Assigned task:
Retype the material that follows exactly, limited to the lines from the one with "<B>1900-S $1 MS62" through the one with "- Temperature-stable quiescent", and keep out all pictures.

Dataset records:
========================================================================
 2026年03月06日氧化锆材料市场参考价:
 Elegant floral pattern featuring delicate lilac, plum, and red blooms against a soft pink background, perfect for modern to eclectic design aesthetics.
========================================================================
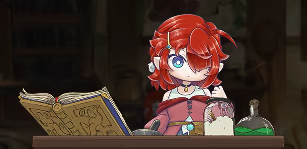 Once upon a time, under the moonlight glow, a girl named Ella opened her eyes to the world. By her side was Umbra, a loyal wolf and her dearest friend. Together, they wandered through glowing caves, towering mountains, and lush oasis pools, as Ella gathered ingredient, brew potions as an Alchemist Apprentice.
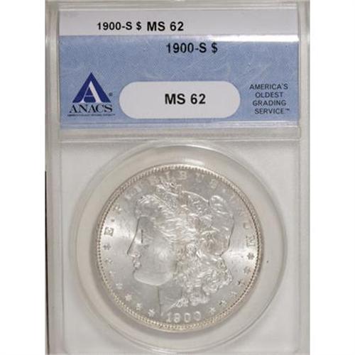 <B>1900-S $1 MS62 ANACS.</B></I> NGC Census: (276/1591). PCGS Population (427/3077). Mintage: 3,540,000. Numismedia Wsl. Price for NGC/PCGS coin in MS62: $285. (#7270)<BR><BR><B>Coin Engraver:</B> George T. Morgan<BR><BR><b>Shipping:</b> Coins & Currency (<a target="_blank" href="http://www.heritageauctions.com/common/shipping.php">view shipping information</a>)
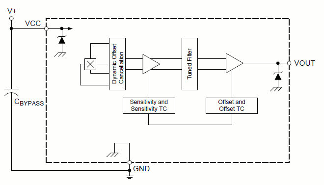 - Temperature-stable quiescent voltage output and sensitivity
========================================================================
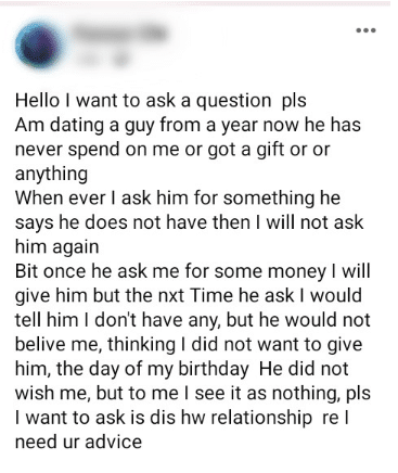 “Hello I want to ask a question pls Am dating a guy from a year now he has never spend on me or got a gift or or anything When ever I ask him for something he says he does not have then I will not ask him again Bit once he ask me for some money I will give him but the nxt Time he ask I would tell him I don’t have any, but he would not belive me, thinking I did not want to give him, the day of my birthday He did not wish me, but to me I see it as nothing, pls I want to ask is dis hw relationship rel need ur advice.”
========================================================================
Task response:
 <B>1900-S $1 MS62 ANACS.</B></I> NGC Census: (276/1591). PCGS Population (427/3077). Mintage: 3,540,000. Numismedia Wsl. Price for NGC/PCGS coin in MS62: $285. (#7270)<BR><BR><B>Coin Engraver:</B> George T. Morgan<BR><BR><b>Shipping:</b> Coins & Currency (<a target="_blank" href="http://www.heritageauctions.com/common/shipping.php">view shipping information</a>)
 - Temperature-stable quiescent voltage output and sensitivity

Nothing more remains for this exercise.